■ MATERIAL PROVIDED
◆ ◆ ◆

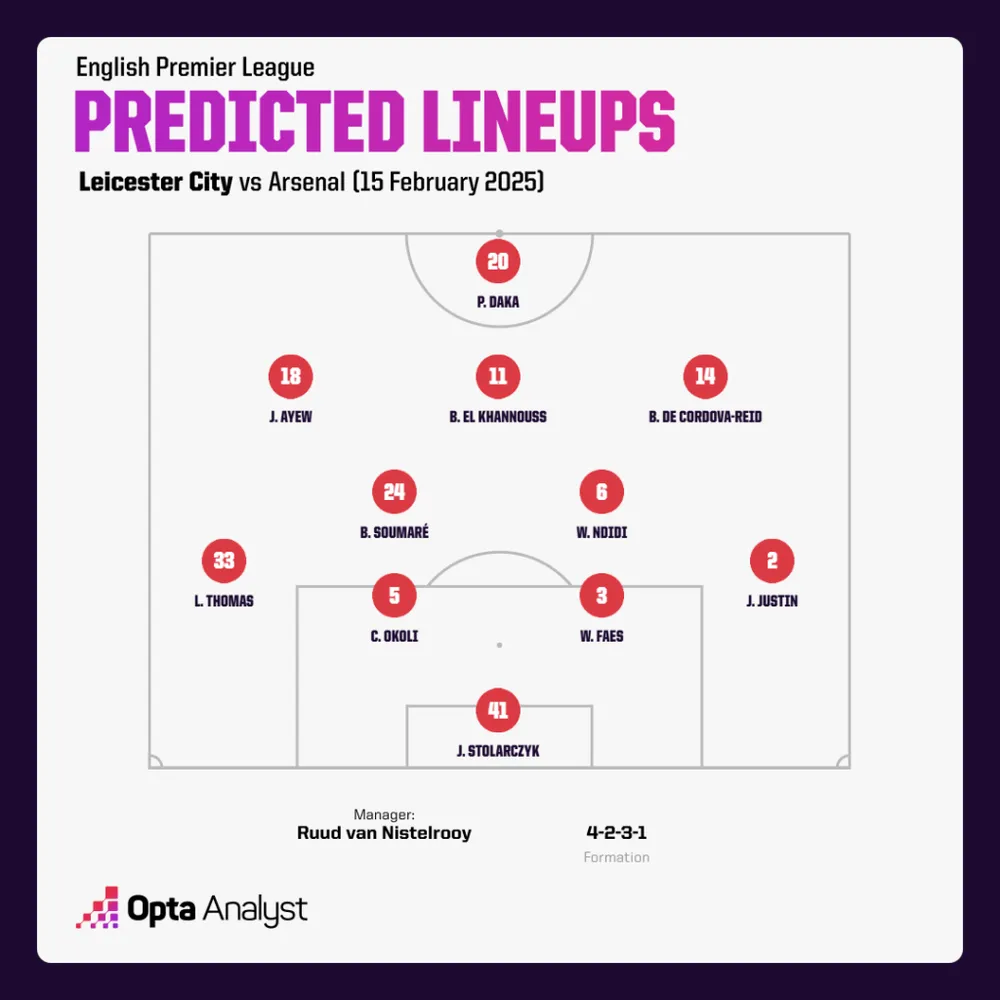 Nhiệm vụ dường như không thể lớn hơn đối với Leicester. Kể từ khi Ruud van Nistelrooy được bổ nhiệm vào tháng 12, chỉ có Southampton thua nhiều trận hơn (9) và kiếm được ít điểm hơn (4) so với đội bóng đang gặp khó khăn này (2 thắng, 1 hòa, 8 thua – 7 điểm). Hàng phòng ngự lỏng lẻo là một vấn đề lớn đối với Leicester, đội bóng đã không thể giữ sạch lưới trong bất kỳ trận đấu nào ở 17 trận gần nhất tại giải vô địch, kể từ chiến thắng 1-0 trước Bournemouth tại King Power vào tháng 10. Thực tế, chỉ có Southampton (54 bàn) để lọt lưới nhiều hơn Leicester (53 bàn) tại Premier League mùa này.
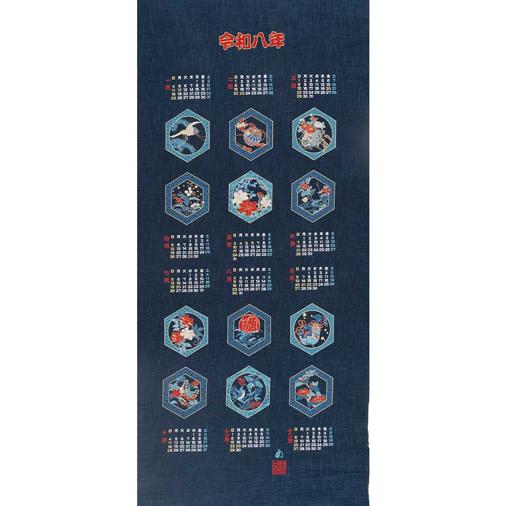 毎年好評の和調カレンダー!やや厚手のニュアンスある紺地に季節のモチーフを描いた、風情のあるパネルです。モチーフは約10.5×9cm。切り取ってコースターにしたり、6柄でそのままランチョンマットにすることもできます。
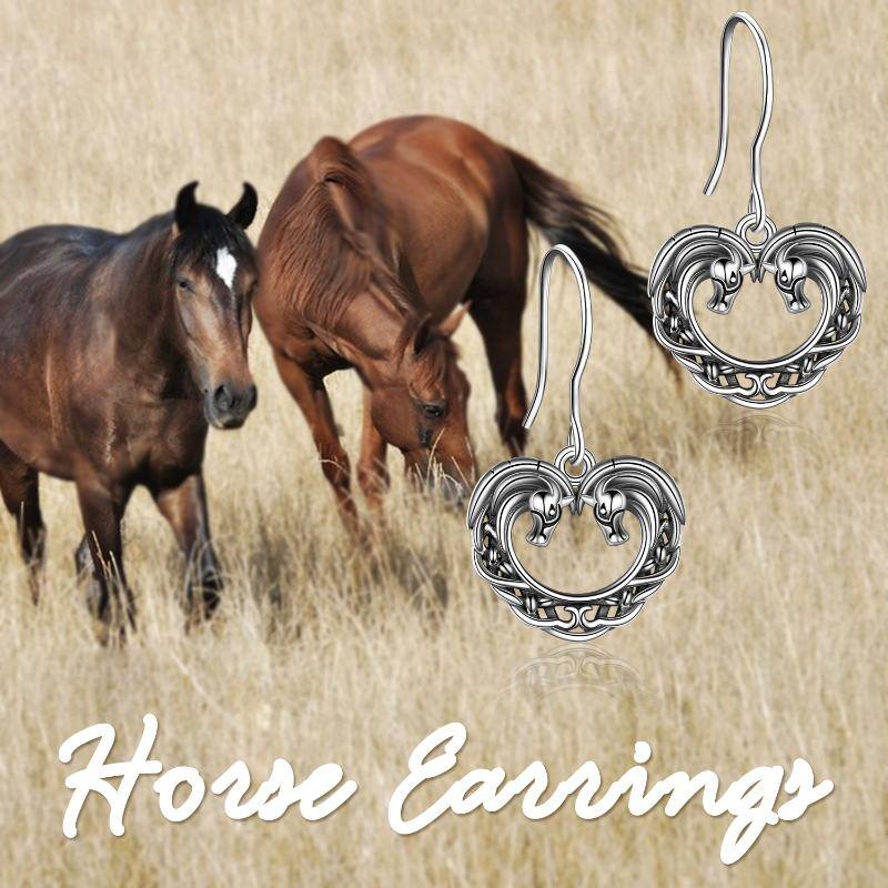 These no-stone Women's Drop Earrings are crafted from High-Quality Sterling Silver with Retro Silver Finish, Featuring a Unique Horse Design.

◆ ◆ ◆

■ EXERCISE AIM
With the pictures removed, repeat the listing above exactly as it stands.

■ TASK SOLUTION
 Nhiệm vụ dường như không thể lớn hơn đối với Leicester. Kể từ khi Ruud van Nistelrooy được bổ nhiệm vào tháng 12, chỉ có Southampton thua nhiều trận hơn (9) và kiếm được ít điểm hơn (4) so với đội bóng đang gặp khó khăn này (2 thắng, 1 hòa, 8 thua – 7 điểm). Hàng phòng ngự lỏng lẻo là một vấn đề lớn đối với Leicester, đội bóng đã không thể giữ sạch lưới trong bất kỳ trận đấu nào ở 17 trận gần nhất tại giải vô địch, kể từ chiến thắng 1-0 trước Bournemouth tại King Power vào tháng 10. Thực tế, chỉ có Southampton (54 bàn) để lọt lưới nhiều hơn Leicester (53 bàn) tại Premier League mùa này.
 毎年好評の和調カレンダー!やや厚手のニュアンスある紺地に季節のモチーフを描いた、風情のあるパネルです。モチーフは約10.5×9cm。切り取ってコースターにしたり、6柄でそのままランチョンマットにすることもできます。
 These no-stone Women's Drop Earrings are crafted from High-Quality Sterling Silver with Retro Silver Finish, Featuring a Unique Horse Design.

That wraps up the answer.